Published in final edited form as: Langmuir. 2008 Dec 2;24(23):13250–13253. doi: 10.1021/la802909c

Evidence for Leaflet-Dependent Redistribution of Charged Molecules in Fluid Supported Phospholipid Bilayers

Andrew P Shreve 1, Michael C Howland 2, Annapoorna R Sapuri-Butti 3, Toby W Allen 4, Atul N Parikh 2,3
PMCID: PMC2670441  NIHMSID: NIHMS91145  PMID: 19007257

Abstract

The asymmetric distribution of charged molecules between the leaflets of solid-substrate-supported phospholipid bilayers is studied using imaging ellipsometry, fluorescence microscopy, and numerical solutions of the Poisson-Boltzmann equation. Experiments are facilitated by the use of patterned substrates that allow for side-by-side comparison of lipid monolayers and supported bilayers. On silica surfaces, negatively charged lipid components are shown to be enriched in the outer leaflet of a supported bilayer system at modest salt concentrations. The approaches developed provide a general means for determining asymmetries of charged components in supported lipid bilayers.

Introduction

Supported membranes, single phospholipid bilayers, 4-6 nm in thickness, deposited on solid surfaces1, are well-defined models for biological membranes. They are finding uses in areas ranging from fundamental biophysical investigations to biomimetic devices (e.g., biosensors)2. They may be formed by the fusion of unilamelar vesicles onto solid surfaces3. Typical support surfaces (e.g., silica) and many membrane constituents are electrically charged, so Coulombic interactions, unless offset by ions in solution, can induce stable compositional asymmetries. Indeed, several recent papers4-6 have reported uneven interleaflet distribution of charged lipids for supported bilayers formed by vesicle fusion on charged substrates.

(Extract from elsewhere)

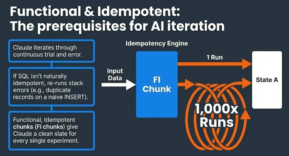 For Claude, idempotency is not a nice-to-have. It is the property that makes autonomous iteration possible at all. Claude’s approach to any task is trial and error: write a solution, run it, evaluate the result, adjust, and try again. That loop only works if every run starts from a known state and produces a deterministic result. Without idempotency, Claude’s re-runs stack errors on top of each other. With it, each iteration is a clean experiment.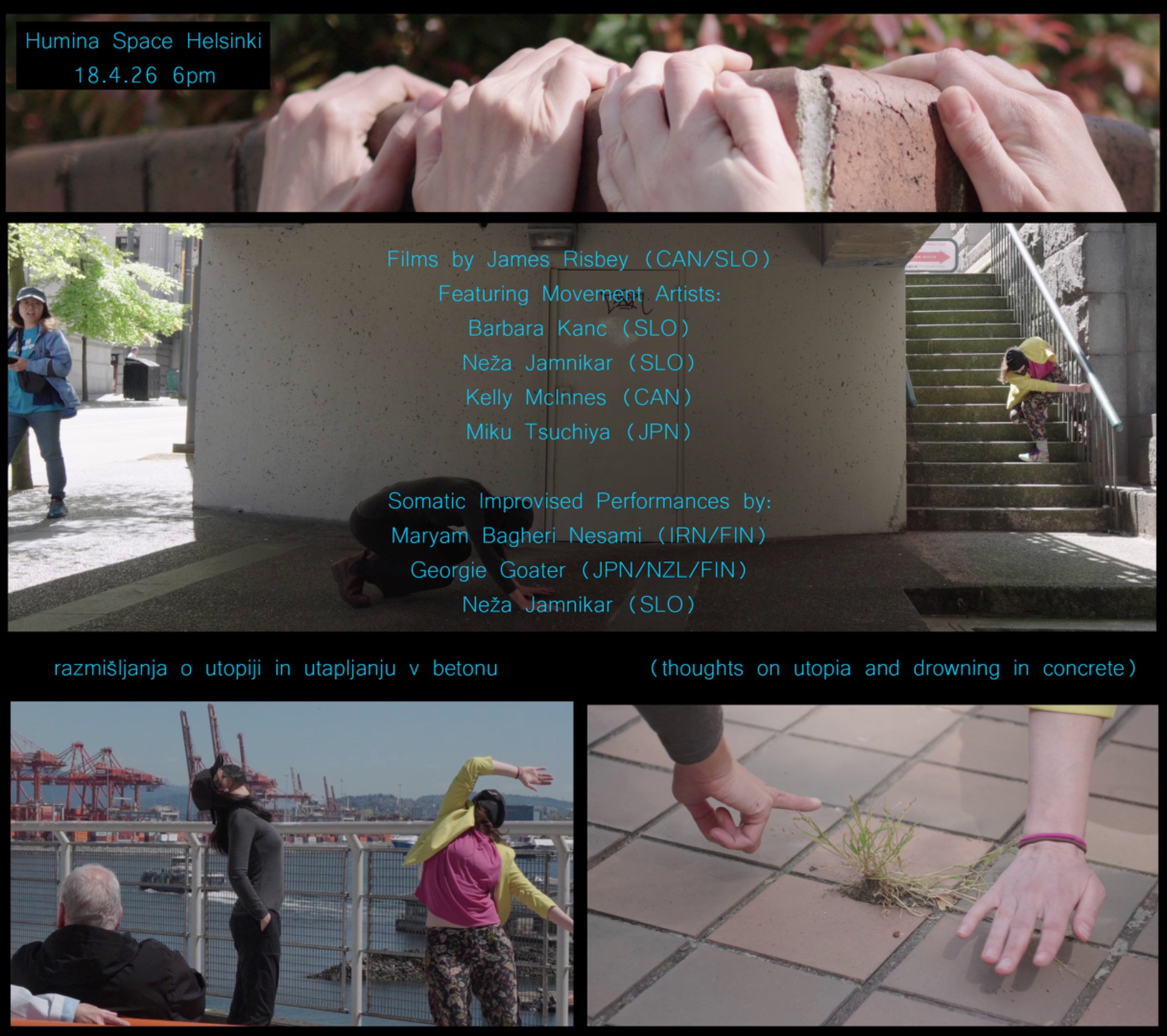 Through the lens of somatic movement and variations on the concerto, we gently offer an exhibition of Eco/Urban-somatic video screenings and live performance. Contemplations on reflecting dependencies, nature and humans as both caretakers and destroyers of each other.

However, understanding remains poor of which experimental variables will allow reproducible control of asymmetries. Such control is crucial for many applications. For instance, asymmetric partitioning of charged lipid fluorophores or ligands may influence widely used fluorescence microscopy measurements7 or skew analyses based on estimated densities of ligands in outer leaflets8-10. Further, better control over asymmetries in model substrate-supported systems may allow designing more complex model membranes that mimic interleaflet asymmetry and processes (e.g., flip-flop) in natural biological membranes11, 12.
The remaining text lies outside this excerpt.